In accordance with the provisions of the Clause 49 of the Listing Agreement, the Managing Director and Chief Financial Officer of the Company have submitted a certificate for the year ended 31st March, 2015, to the Board of Directors.

Additional Disclosures

In line with requirements of Listing Agreements and Accounting

Standards issued by the Institute of Chartered Accountants of India, the Company made additional disclosures in respect of Consolidated Financial Statements, Related Party Transactions and Segmental Reporting.

Auditors

In accordance with the provisions of Section 139 of the Companies Act, 2013 and the transition period mentioned therein, M/s Price Waterhouse, Chartered Accountants were appointed as Statutory Auditors of the Company for a period of two years at the 28th Annual General Meeting of the Company held on 31st July, 2014 and they will continue in office upto the conclusion of the 30th Annual General Meeting.
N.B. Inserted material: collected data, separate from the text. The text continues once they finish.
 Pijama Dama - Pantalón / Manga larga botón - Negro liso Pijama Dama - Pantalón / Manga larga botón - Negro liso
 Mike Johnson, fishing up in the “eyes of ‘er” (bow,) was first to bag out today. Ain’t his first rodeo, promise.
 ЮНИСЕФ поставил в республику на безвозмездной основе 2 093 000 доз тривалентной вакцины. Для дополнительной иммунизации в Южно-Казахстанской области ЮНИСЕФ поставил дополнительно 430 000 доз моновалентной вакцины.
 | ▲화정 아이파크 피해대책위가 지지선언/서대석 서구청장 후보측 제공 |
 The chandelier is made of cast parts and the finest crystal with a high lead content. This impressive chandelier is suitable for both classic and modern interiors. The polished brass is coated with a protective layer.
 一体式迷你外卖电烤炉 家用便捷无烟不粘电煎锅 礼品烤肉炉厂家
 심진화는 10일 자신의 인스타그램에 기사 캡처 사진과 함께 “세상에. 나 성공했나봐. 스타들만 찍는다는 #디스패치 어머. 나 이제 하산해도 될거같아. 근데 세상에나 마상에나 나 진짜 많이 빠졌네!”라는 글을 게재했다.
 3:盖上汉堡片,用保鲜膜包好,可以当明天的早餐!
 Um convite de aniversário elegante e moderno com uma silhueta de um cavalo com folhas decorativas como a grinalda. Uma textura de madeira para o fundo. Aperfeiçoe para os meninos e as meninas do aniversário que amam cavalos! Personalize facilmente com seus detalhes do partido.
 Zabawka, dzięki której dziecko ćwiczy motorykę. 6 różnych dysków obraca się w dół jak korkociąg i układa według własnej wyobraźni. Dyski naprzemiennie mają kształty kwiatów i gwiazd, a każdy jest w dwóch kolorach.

However, in accordance with the provisions of Section 139 of the Companies Act, 2013, their continuance of office as Auditors shall be subject to ratification of members at the forthcoming Annual General Meeting.

Yours Directors invite your attention to note 51 to the accounts referred to by auditors in para 8 of their report. This note is self explanatory and along with explanations given therein provide required clarification on references made by the auditors.

Cost Auditors

Pursuant to Section 148 of the Companies Act, 2013 and Rules made there under, the Board has appointed M/s. Guha, Ghosh, Kar & Associates, Cost Accountants, to conduct cost audit of the Company for the year 2014-15 and had recommended their remuneration to the shareholders which was ratified at the Annual General Meeting held on 31st July, 2014.
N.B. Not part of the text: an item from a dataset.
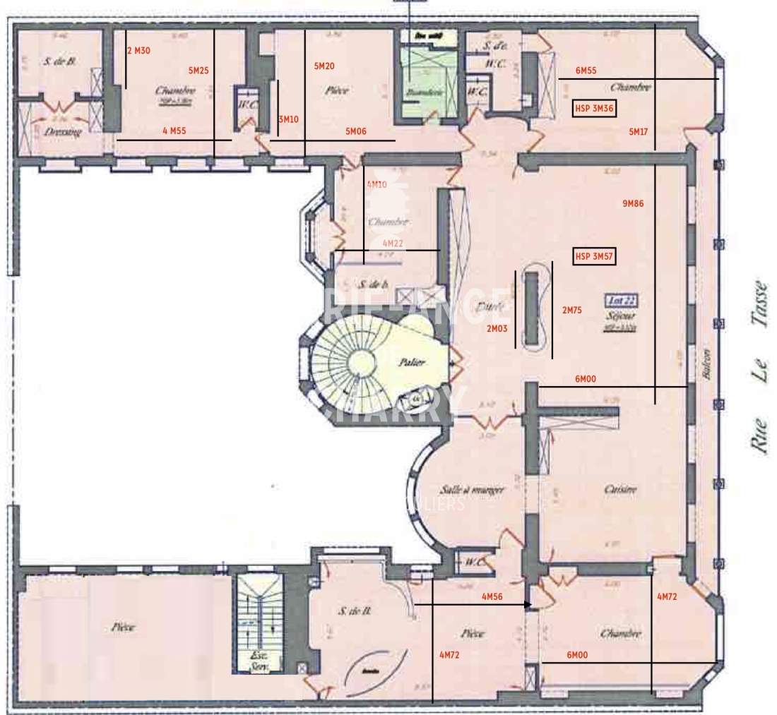 – Chambre de 30m2 sur la façade avec salle de bains et dressing,
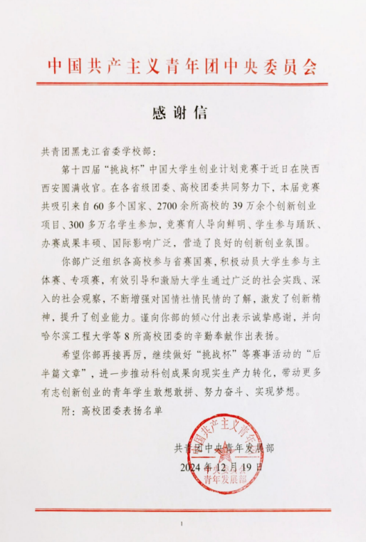 近日,第十四届“挑战杯”中国大学生创业计划竞赛圆满收官。共青团中央对ac米兰团委进行表扬。此次表扬是自2023年收到团中央表扬信之后,ac米兰团委再次获得团中央公开表扬!

The Board of Directors have appointed M/s Guha, Ghosh and Kar as the Cost Auditors for the financial year 2015-16 and their remuneration is sought to be ratified from the shareholders at the forthcoming Annual General Meeting.

Secretarial Auditor

During the year under review the Board of Directors had appointed M/s Anjan Kumar Roy & Co. firm of Practicing Company Secretaries for conducting secretarial audit in accordance with the provisions of Companies Act, 2013 and the rules framed thereunder. The Secretarial Audit Report is annexed and forms part of this report.
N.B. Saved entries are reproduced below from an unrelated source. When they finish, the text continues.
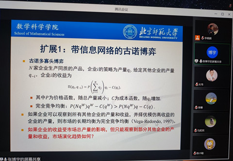 “动态博弈与学习理论”青年学术团队承办的经济学高级研究论坛第190期在腾讯会议平台以线上方式举行。论坛邀请北京师范大学数学科学学院张博宇教授做题为“网络上的演化博弈动态”的学术报告。论坛由AV淘宝
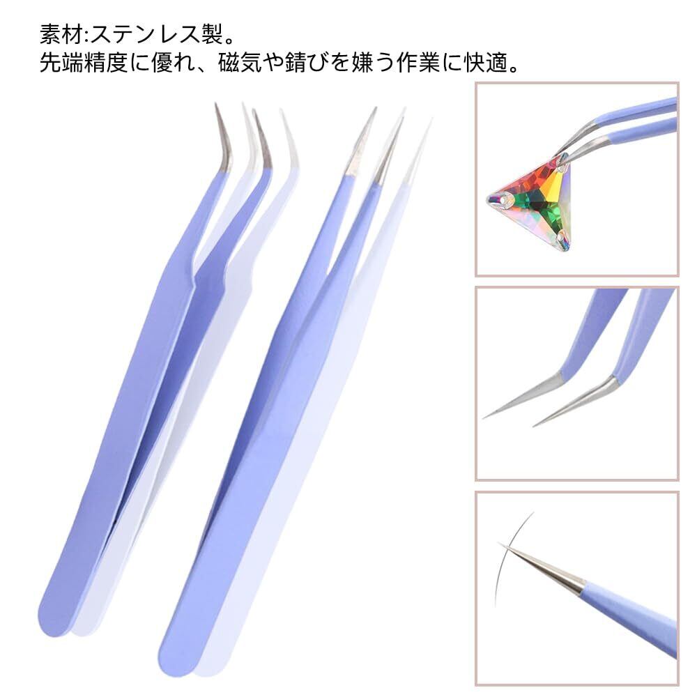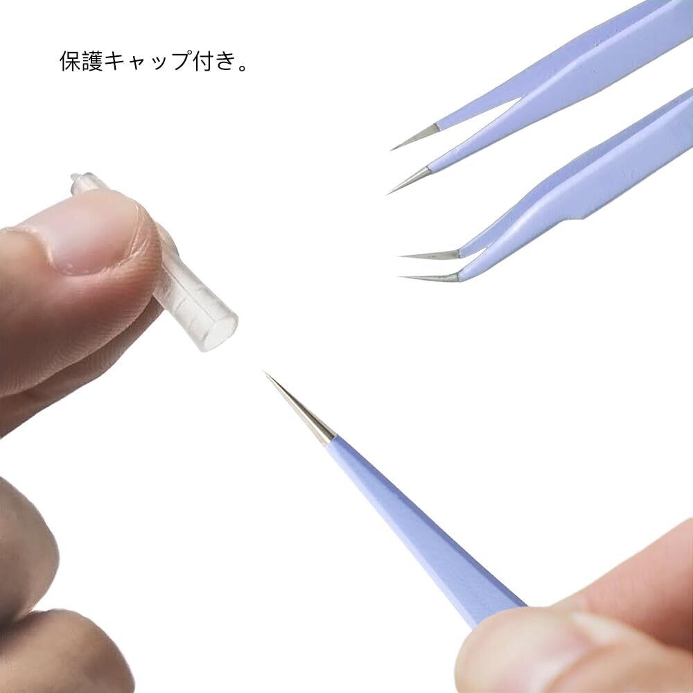 ストレート型と先曲型の2種類:ストレート型と先曲型の2種類のピンセットがセットになっています。用途に応じて使い分けができます。
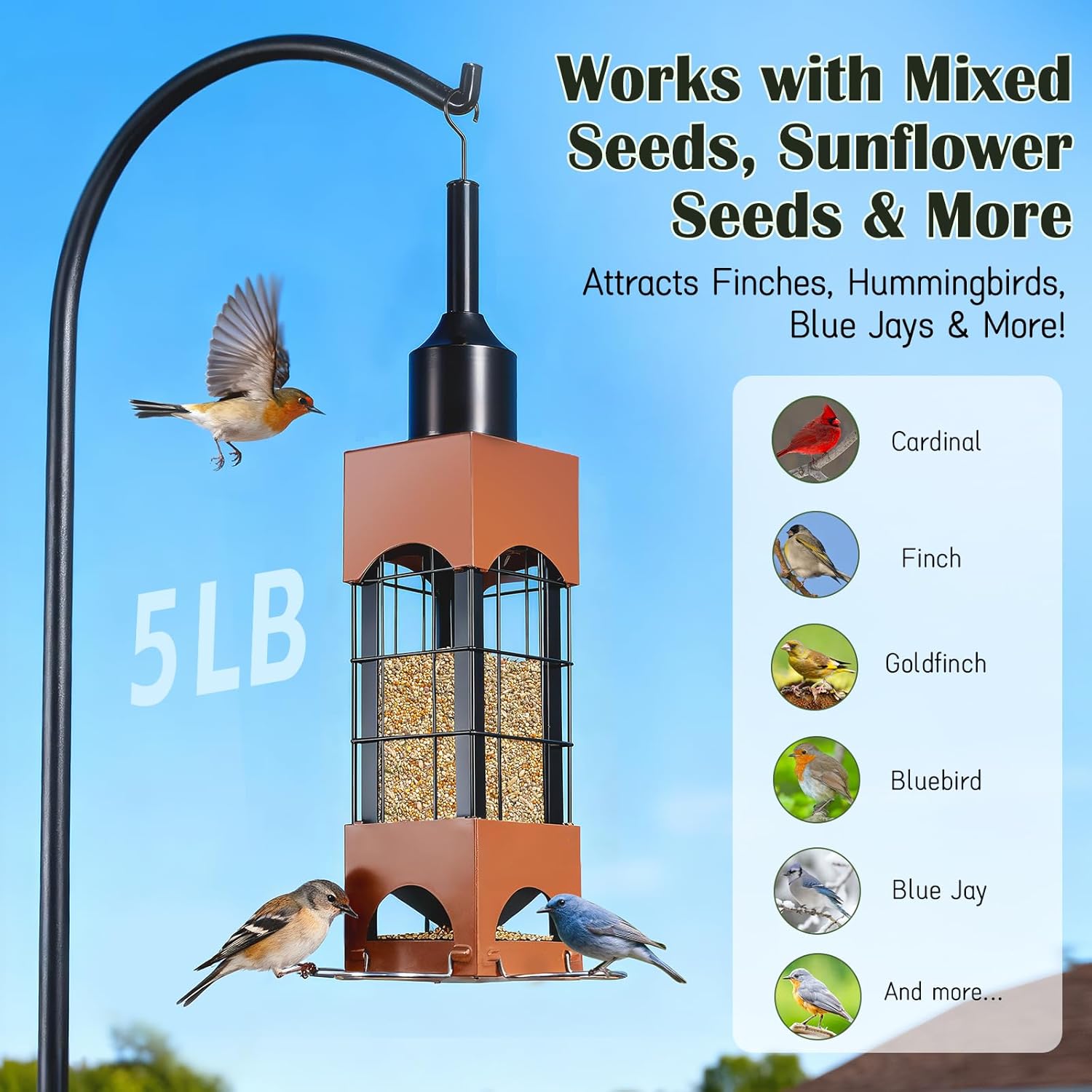 Squirrel Proof Bird Feeders for Outdoors with Weight-Activated, 5LB Metal Hanging Bird Feeders for Outside, Large Wild Feeders for Cardinals, Chickadees, Durable Backyard Feeders
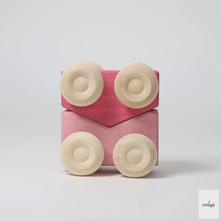 A Grimm's összerakható kisautóik a gyermekjátékok két fő témáját ötvözik: egymásra pakolhatók és gurulhatnak. Más elemekkel is összeépíthetők, majd szállíthatók. A különböző színpárosítások és formavariációk bevezetik a kisgyermekeket a színharmóniákba és a darabok összeillesztésének elvébe.

Corporate Social Responsibility

Usha Martin Limited has been constantly involved in sustainable development of communities around its plants & mines and have also expanded its CSR activities to the other districts of Jharkhand. Commitment of founders of Usha Martin towards sustainable development has led KGVK, an non - profit seeking organization was started as CSR arm of the Company to reach more than 190 villages of Jharkhand.

In accordance with the provisions of the Companies Act, 2013 the

Company have constituted a Corporate Social Responsibility Committee which comprises of the following members:

Mr. B K Jhawar - Chairman (Non - executive director)

Mr. Brij K Jhawar - Member (Non - executive director)

Mrs. Ramni Nirula - Member (Independent Director)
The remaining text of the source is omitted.